*What the exercise asks*. Copy nothing before the line that contains "a spa setting"; from there, transcribe each line exactly through the end of the material, omitting pictures.

*Records for processing*.
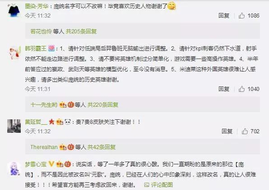 我们可以看到在Donny发出这个优化信息之后,广大玩家小伙伴,并不是非常在意这种优化,毕竟天美做过太多这种事情了,大家都习惯了,无所谓,爱怎么改怎么改。更多的人是在吐槽,平衡性啊,传统刺客的登场率啊,要求给元歌(庞统)一张改名卡啊,说Donny说话不靠谱啊,这样的吐槽。这估计也是他始料未及的吧。哈哈。
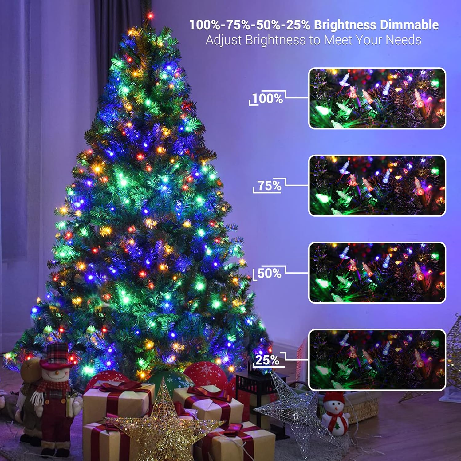 - Dimmable LED Xmas String Lights with memory function: 100%-75%-50%-25% 4 level brightness, create suitable, comfortable atmospheres at your needs according to various occasions. Noted: While in multicolor modes, all the colors (including red, yellow, blue, green) will be shown together, no specific colors can be set up! Built-in memory function, remember your last mode, no need to reset every time
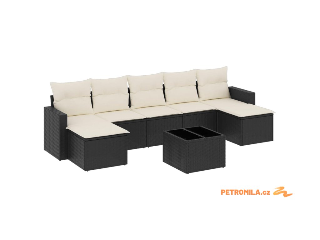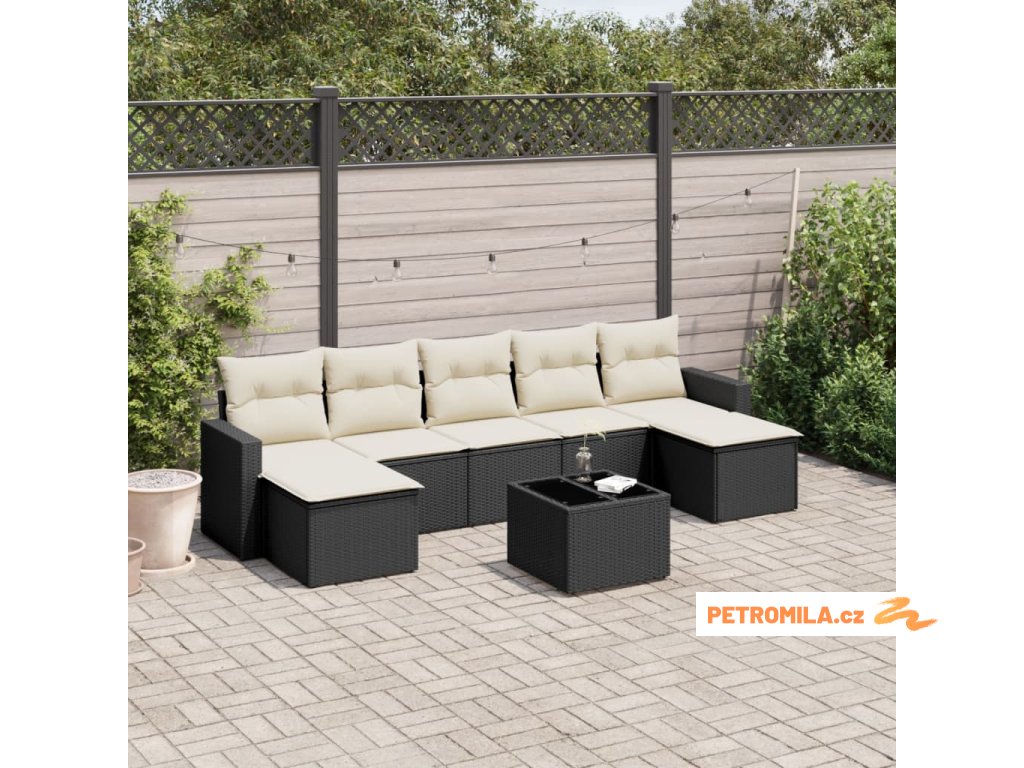 8dílná zahradní sedací souprava s poduškami černá polyratan
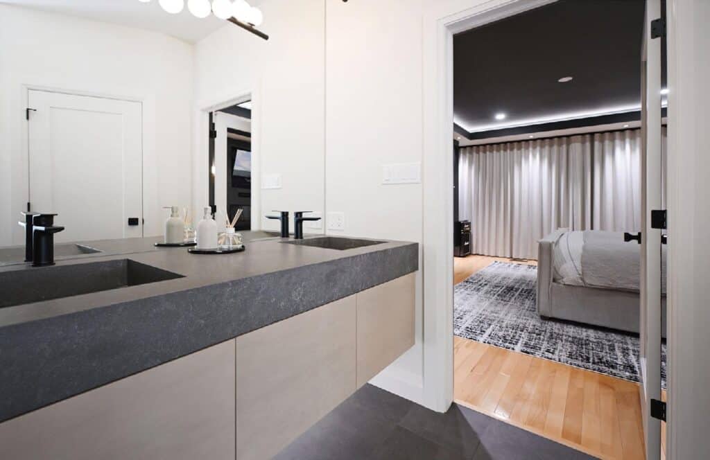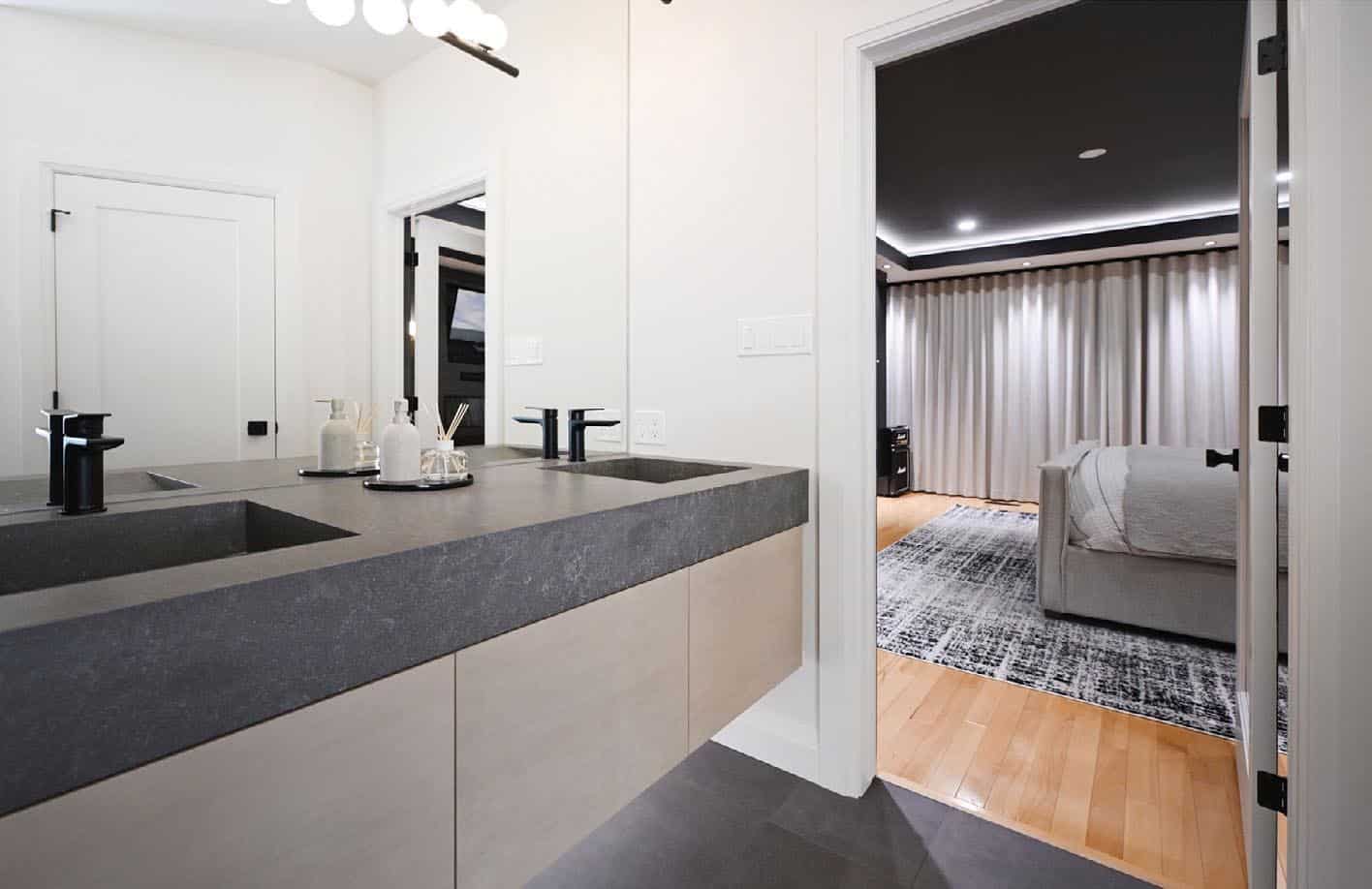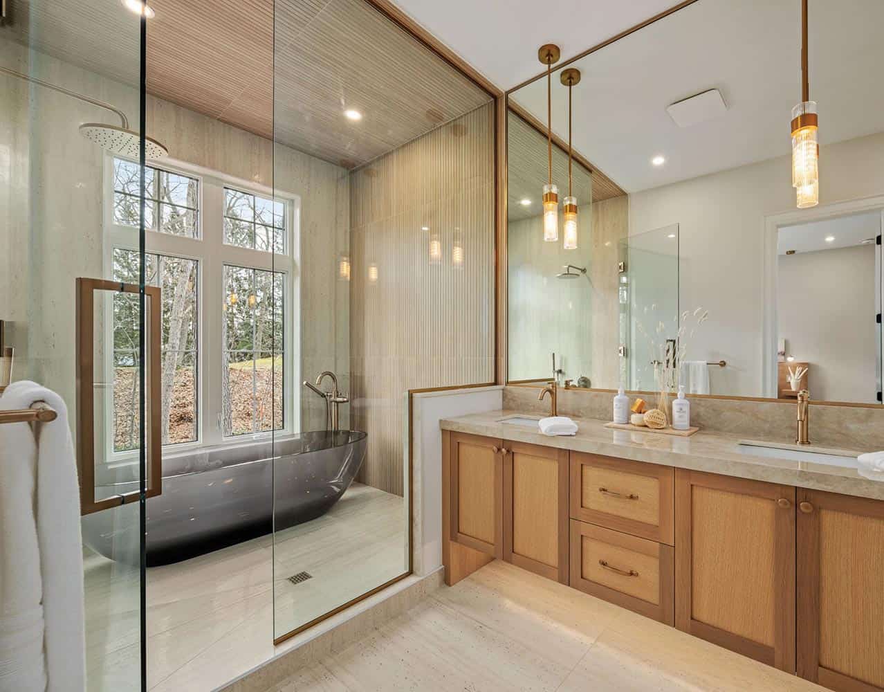 • A separate wet area includes the shower and a smoky grey tub under a large window for a spa setting
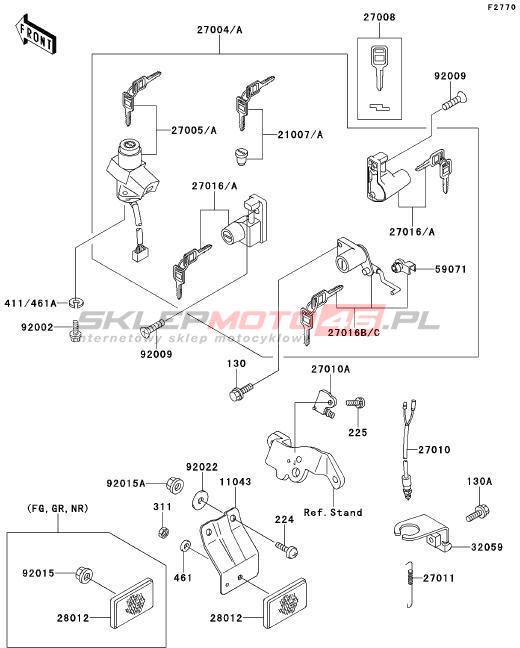 Wszystkie części widoczne na fiszkach to oryginalne części OEM Kawasaki. Możesz złożyć zamówienie telefonicznie, dzwoniąc pod numer +48 512-024-444, lub poprzez nasz sklep internetowy. Dostępność wybranych części zostanie automatycznie sprawdzona po dodaniu ich do koszyka.
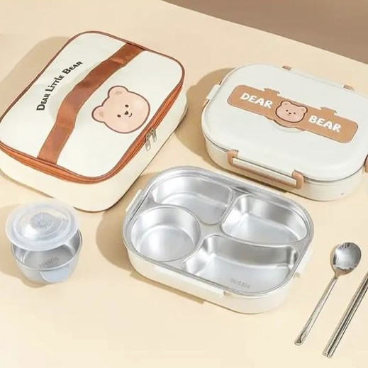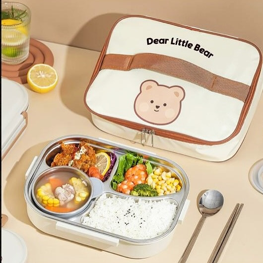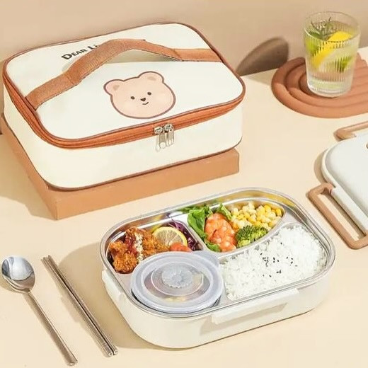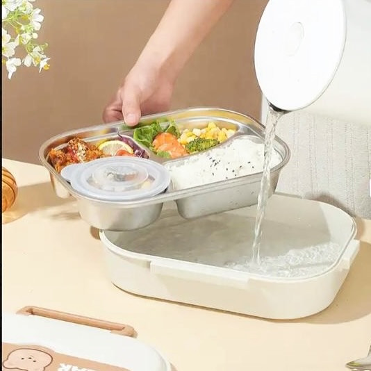 لانچ باکس کاملتر از این نداریم که جنس استیل بسیار باکیفیت ۳۰۴برای گرم نگهداشتن غذا قابل گرم کردن در فر، گرمکن و مایکروفر حتی به راحتی میتونین مخزن زیر ظرف استیل اب داغ بریزید و بعد از ۱۰ دقیقه به راحتی غذا گرم داشته باشید دارای واشر برای جلوگیری از نشت مایعات و غذا دارای کیف جذاب و زیبا محصول : @elaina_shop_ @elaina_shop_

*Exercise solution*.
 • A separate wet area includes the shower and a smoky grey tub under a large window for a spa setting
 Wszystkie części widoczne na fiszkach to oryginalne części OEM Kawasaki. Możesz złożyć zamówienie telefonicznie, dzwoniąc pod numer +48 512-024-444, lub poprzez nasz sklep internetowy. Dostępność wybranych części zostanie automatycznie sprawdzona po dodaniu ich do koszyka.
 لانچ باکس کاملتر از این نداریم که جنس استیل بسیار باکیفیت ۳۰۴برای گرم نگهداشتن غذا قابل گرم کردن در فر، گرمکن و مایکروفر حتی به راحتی میتونین مخزن زیر ظرف استیل اب داغ بریزید و بعد از ۱۰ دقیقه به راحتی غذا گرم داشته باشید دارای واشر برای جلوگیری از نشت مایعات و غذا دارای کیف جذاب و زیبا محصول : @elaina_shop_ @elaina_shop_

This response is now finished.